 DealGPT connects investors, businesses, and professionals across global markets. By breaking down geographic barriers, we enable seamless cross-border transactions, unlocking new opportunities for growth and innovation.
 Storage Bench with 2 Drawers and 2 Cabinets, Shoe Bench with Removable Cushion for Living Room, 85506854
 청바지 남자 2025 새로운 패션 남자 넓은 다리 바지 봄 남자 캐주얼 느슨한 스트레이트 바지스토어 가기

------

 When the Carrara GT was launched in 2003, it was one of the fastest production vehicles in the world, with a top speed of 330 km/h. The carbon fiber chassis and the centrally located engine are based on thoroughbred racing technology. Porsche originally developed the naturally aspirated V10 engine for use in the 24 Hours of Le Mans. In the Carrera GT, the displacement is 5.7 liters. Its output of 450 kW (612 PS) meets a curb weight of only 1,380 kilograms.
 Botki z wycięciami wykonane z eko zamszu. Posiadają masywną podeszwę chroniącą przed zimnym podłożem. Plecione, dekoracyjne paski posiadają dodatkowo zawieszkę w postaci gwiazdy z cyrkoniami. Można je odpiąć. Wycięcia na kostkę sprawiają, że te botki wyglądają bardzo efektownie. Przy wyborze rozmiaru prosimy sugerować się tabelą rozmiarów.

------

TASK INSTRUCTIONS >>
If a line in the records above contains the string "with", copy that line out.

WRITTEN RESPONSE >>
 Storage Bench with 2 Drawers and 2 Cabinets, Shoe Bench with Removable Cushion for Living Room, 85506854
 When the Carrara GT was launched in 2003, it was one of the fastest production vehicles in the world, with a top speed of 330 km/h. The carbon fiber chassis and the centrally located engine are based on thoroughbred racing technology. Porsche originally developed the naturally aspirated V10 engine for use in the 24 Hours of Le Mans. In the Carrera GT, the displacement is 5.7 liters. Its output of 450 kW (612 PS) meets a curb weight of only 1,380 kilograms.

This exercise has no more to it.